YOUR INSTRUCTIONS — Pictures in the entries below are excluded; copy only the lines from the one containing "Mới đây, các" to the one containing "営業日は下記カレンダーを要確", both included.

Records from a data source:
+++

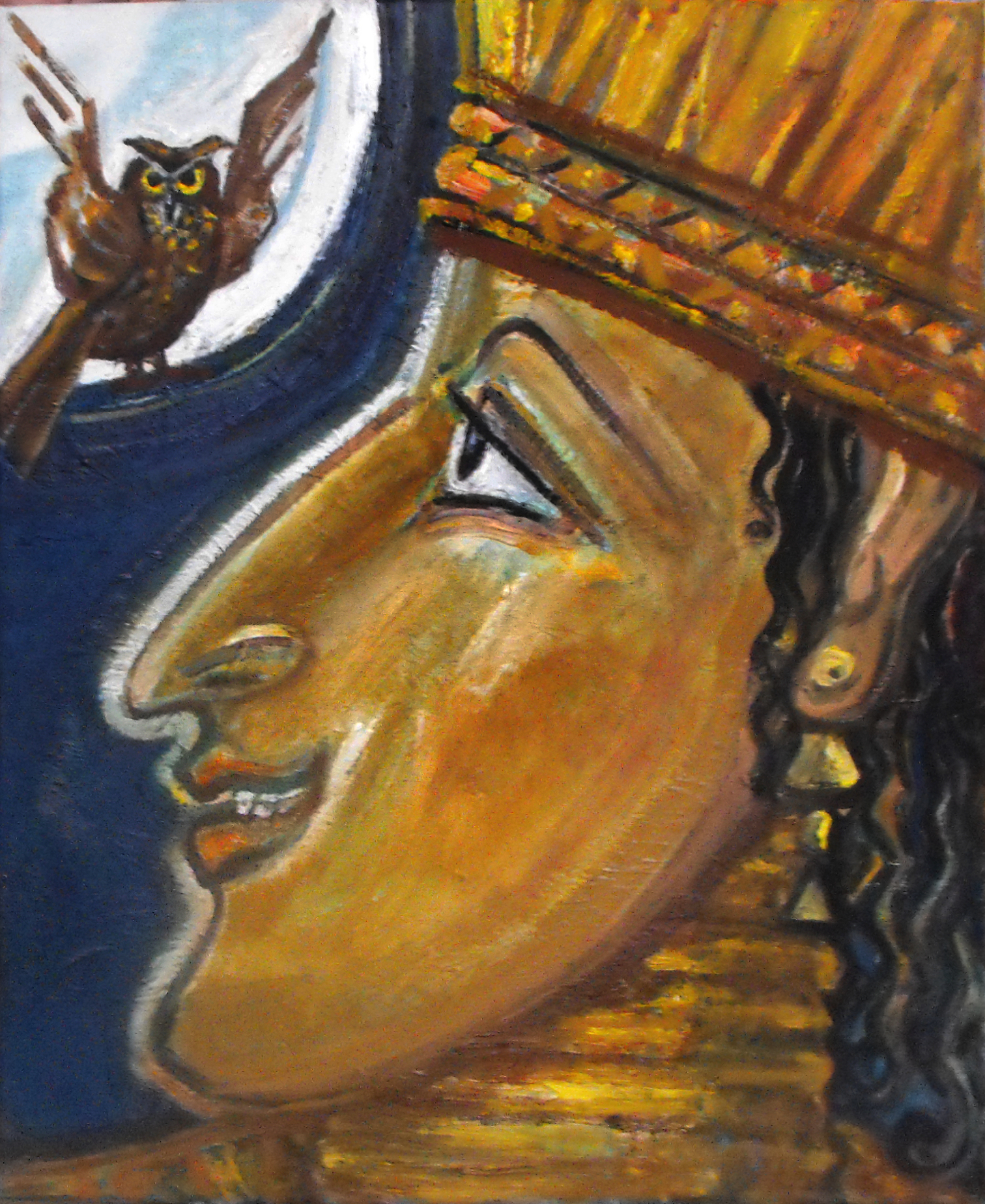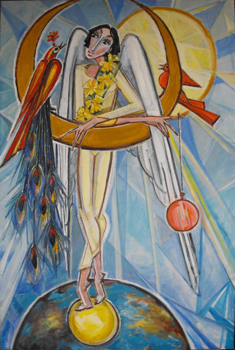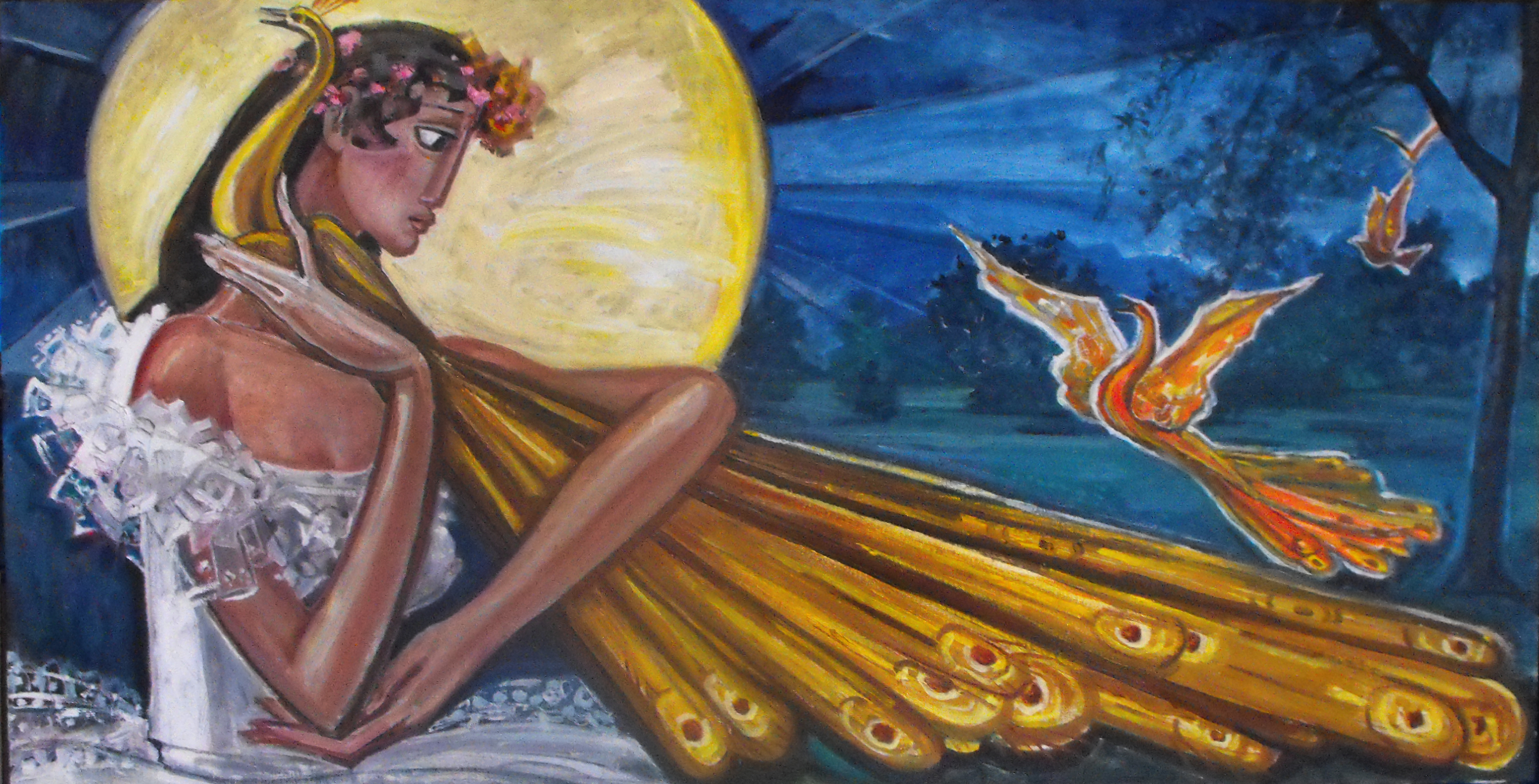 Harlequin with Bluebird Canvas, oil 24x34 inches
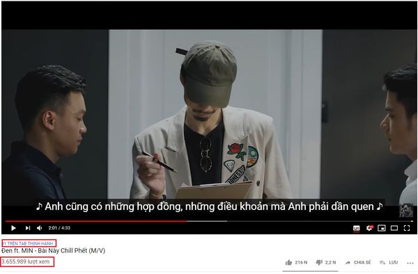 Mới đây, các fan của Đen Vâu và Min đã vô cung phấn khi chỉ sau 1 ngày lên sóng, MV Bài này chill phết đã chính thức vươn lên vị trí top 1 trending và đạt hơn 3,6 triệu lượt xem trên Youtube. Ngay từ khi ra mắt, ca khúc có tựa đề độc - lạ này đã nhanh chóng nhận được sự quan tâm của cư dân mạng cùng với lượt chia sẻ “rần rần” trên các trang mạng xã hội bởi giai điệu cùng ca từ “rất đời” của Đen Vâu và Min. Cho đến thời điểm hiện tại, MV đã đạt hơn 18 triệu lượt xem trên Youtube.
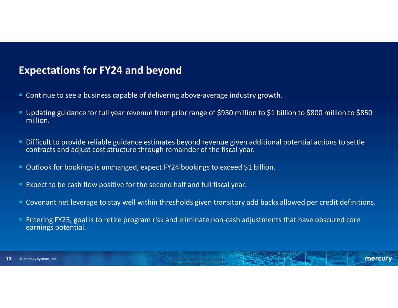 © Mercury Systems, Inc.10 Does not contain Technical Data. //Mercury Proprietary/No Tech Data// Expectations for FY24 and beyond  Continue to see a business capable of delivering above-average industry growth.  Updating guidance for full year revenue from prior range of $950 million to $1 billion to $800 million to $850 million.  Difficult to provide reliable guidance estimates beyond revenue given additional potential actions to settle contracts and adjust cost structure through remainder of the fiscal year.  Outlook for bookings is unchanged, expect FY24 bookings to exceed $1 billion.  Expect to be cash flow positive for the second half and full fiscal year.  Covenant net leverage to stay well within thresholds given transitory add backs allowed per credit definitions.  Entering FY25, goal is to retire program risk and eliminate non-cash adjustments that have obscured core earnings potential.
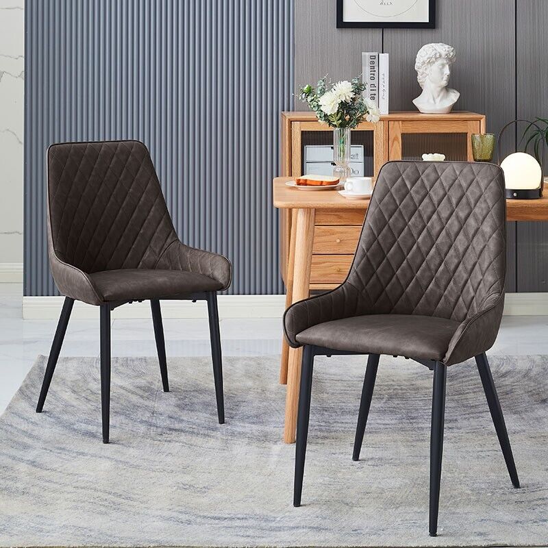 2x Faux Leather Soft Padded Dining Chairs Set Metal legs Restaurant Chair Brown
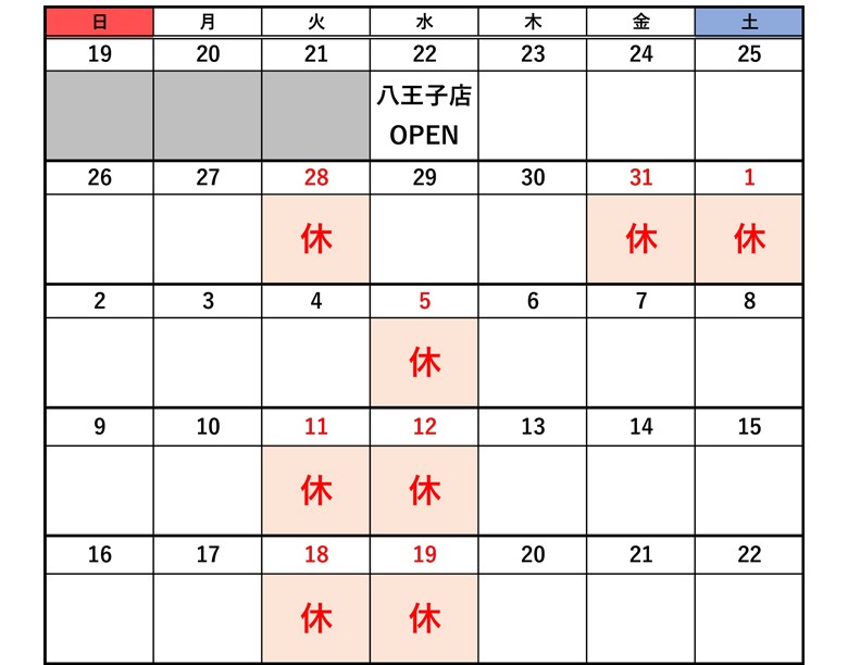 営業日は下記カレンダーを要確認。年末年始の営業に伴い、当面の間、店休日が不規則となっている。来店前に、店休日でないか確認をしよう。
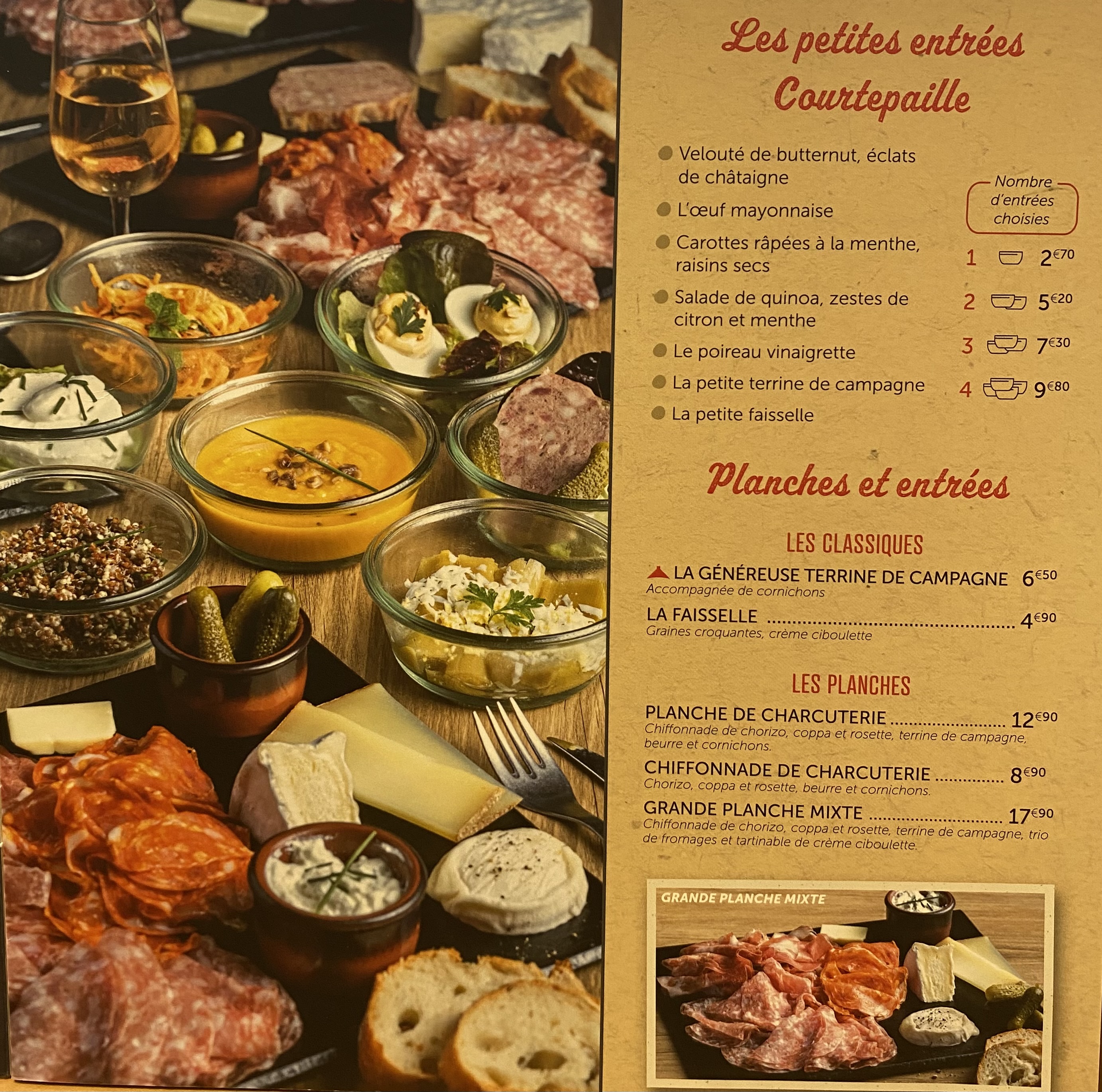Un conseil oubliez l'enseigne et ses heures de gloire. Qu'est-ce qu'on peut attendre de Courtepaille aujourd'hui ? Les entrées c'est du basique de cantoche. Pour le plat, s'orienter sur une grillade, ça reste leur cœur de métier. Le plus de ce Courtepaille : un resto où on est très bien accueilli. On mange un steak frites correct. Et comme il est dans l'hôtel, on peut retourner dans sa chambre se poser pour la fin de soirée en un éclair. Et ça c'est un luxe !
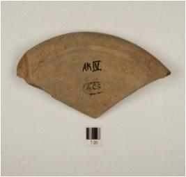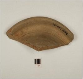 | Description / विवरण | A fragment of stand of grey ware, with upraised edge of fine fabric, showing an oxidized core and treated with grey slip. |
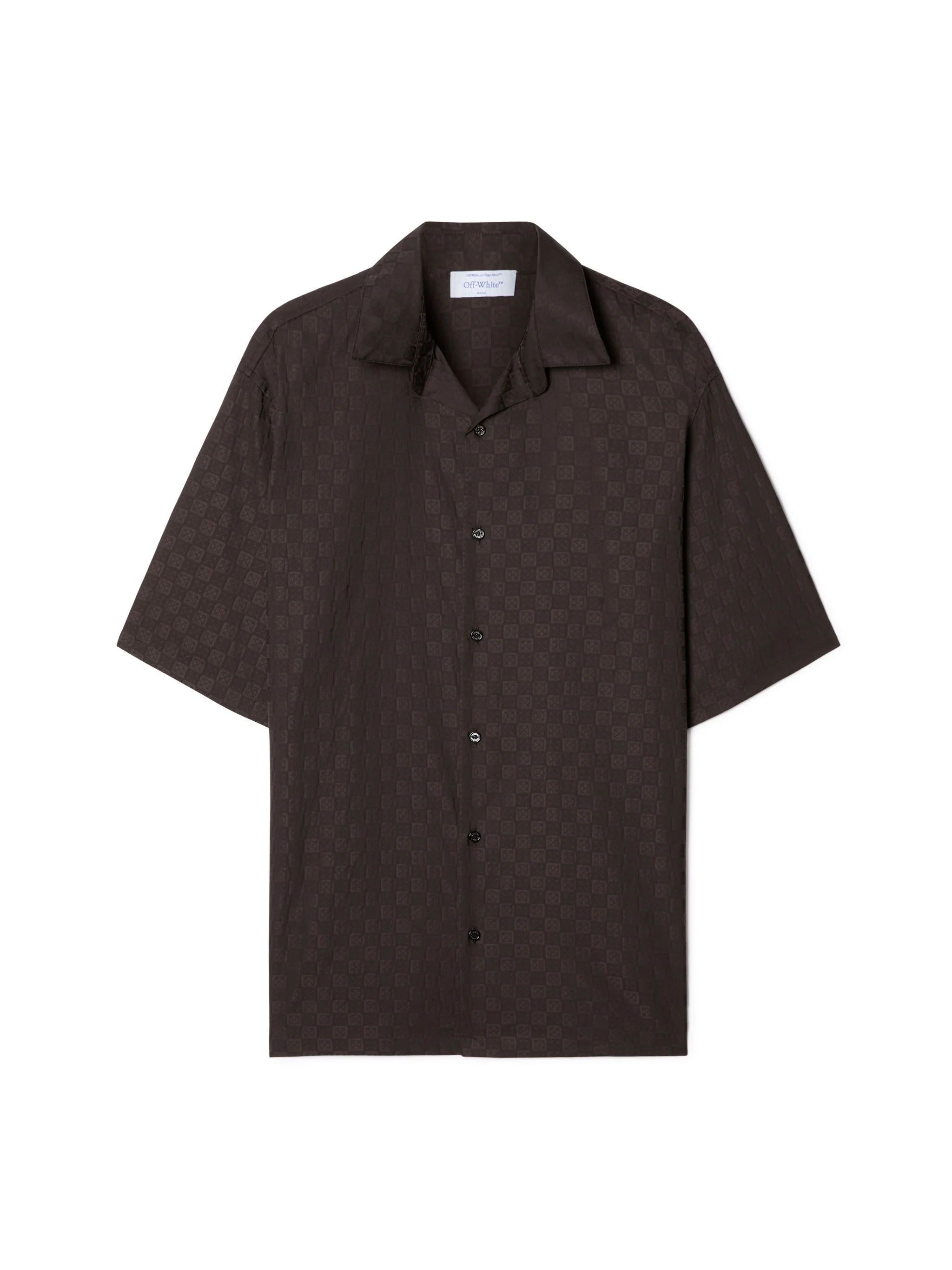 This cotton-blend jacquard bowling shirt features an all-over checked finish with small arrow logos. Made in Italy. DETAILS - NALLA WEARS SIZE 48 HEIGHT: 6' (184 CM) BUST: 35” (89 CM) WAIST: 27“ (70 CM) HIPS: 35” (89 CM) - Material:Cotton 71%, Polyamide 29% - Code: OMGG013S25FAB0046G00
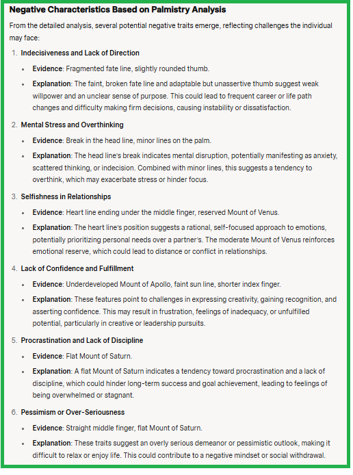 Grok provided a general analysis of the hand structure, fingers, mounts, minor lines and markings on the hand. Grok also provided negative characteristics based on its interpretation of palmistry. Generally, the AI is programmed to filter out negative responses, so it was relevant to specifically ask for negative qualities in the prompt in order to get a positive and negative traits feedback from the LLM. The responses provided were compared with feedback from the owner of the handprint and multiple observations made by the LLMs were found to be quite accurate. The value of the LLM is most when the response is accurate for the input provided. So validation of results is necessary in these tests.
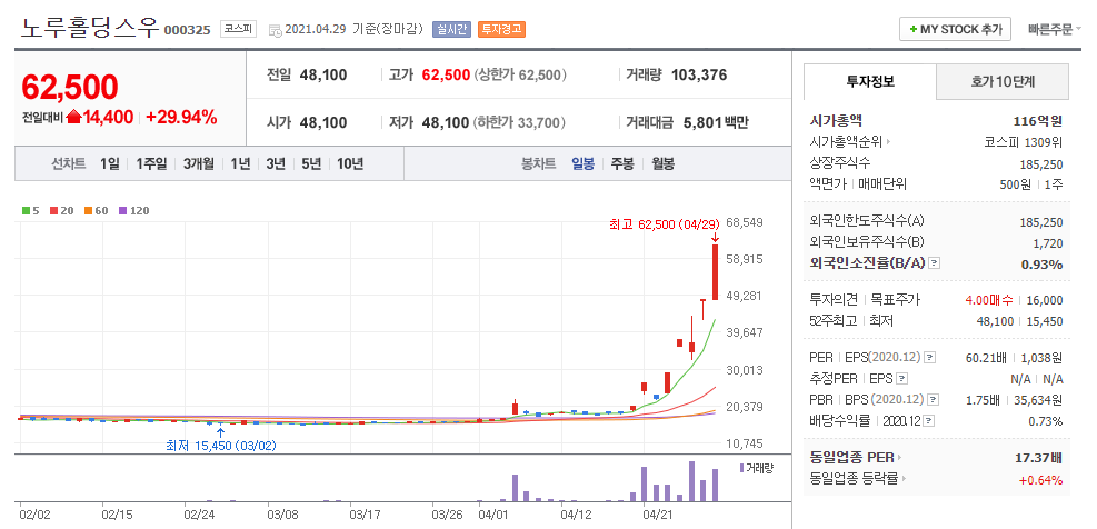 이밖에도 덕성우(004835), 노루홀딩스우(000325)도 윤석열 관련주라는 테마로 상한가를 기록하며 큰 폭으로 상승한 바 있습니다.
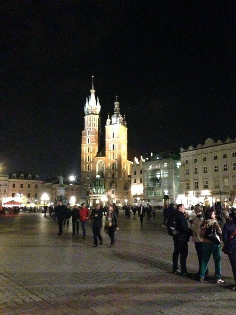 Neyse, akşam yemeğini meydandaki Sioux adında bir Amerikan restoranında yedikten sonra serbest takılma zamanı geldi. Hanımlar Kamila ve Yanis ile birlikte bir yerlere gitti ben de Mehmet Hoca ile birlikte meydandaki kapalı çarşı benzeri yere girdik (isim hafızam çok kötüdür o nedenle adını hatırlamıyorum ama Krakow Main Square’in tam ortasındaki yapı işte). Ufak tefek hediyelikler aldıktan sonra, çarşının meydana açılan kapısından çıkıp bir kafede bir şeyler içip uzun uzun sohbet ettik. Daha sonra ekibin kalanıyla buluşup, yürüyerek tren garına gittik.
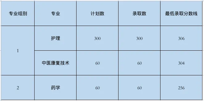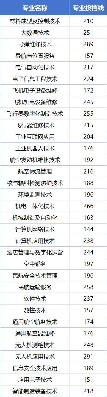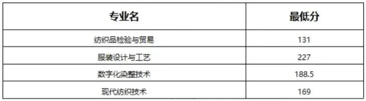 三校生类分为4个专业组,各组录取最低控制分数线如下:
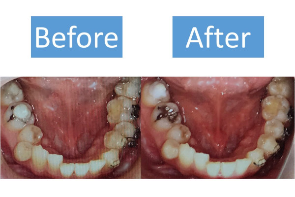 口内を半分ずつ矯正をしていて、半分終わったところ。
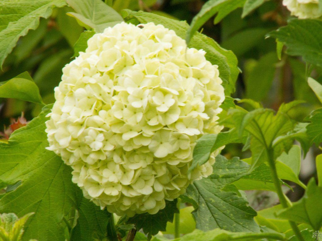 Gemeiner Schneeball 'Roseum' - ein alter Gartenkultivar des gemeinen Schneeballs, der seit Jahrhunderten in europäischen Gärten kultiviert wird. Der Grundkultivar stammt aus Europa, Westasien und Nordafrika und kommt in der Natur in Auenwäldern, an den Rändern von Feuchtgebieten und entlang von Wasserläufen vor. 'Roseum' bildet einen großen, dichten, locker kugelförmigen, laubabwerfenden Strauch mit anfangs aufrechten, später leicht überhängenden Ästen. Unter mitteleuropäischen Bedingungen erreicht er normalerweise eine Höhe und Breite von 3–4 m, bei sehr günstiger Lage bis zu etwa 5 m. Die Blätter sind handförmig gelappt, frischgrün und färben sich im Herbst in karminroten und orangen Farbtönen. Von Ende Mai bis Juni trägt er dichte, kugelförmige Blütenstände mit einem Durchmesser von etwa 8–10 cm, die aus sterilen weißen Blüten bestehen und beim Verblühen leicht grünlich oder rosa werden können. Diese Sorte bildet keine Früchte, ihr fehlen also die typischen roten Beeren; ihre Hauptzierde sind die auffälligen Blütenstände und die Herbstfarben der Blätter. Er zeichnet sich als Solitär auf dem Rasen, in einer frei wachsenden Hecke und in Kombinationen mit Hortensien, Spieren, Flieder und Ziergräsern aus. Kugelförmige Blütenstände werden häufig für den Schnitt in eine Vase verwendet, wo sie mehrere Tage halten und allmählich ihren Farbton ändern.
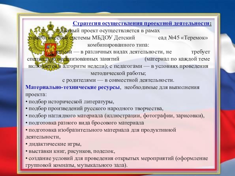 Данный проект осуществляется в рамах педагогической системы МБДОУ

+++

ANSWER BOX —
 Mới đây, các fan của Đen Vâu và Min đã vô cung phấn khi chỉ sau 1 ngày lên sóng, MV Bài này chill phết đã chính thức vươn lên vị trí top 1 trending và đạt hơn 3,6 triệu lượt xem trên Youtube. Ngay từ khi ra mắt, ca khúc có tựa đề độc - lạ này đã nhanh chóng nhận được sự quan tâm của cư dân mạng cùng với lượt chia sẻ “rần rần” trên các trang mạng xã hội bởi giai điệu cùng ca từ “rất đời” của Đen Vâu và Min. Cho đến thời điểm hiện tại, MV đã đạt hơn 18 triệu lượt xem trên Youtube.
 © Mercury Systems, Inc.10 Does not contain Technical Data. //Mercury Proprietary/No Tech Data// Expectations for FY24 and beyond  Continue to see a business capable of delivering above-average industry growth.  Updating guidance for full year revenue from prior range of $950 million to $1 billion to $800 million to $850 million.  Difficult to provide reliable guidance estimates beyond revenue given additional potential actions to settle contracts and adjust cost structure through remainder of the fiscal year.  Outlook for bookings is unchanged, expect FY24 bookings to exceed $1 billion.  Expect to be cash flow positive for the second half and full fiscal year.  Covenant net leverage to stay well within thresholds given transitory add backs allowed per credit definitions.  Entering FY25, goal is to retire program risk and eliminate non-cash adjustments that have obscured core earnings potential.
 2x Faux Leather Soft Padded Dining Chairs Set Metal legs Restaurant Chair Brown
 営業日は下記カレンダーを要確認。年末年始の営業に伴い、当面の間、店休日が不規則となっている。来店前に、店休日でないか確認をしよう。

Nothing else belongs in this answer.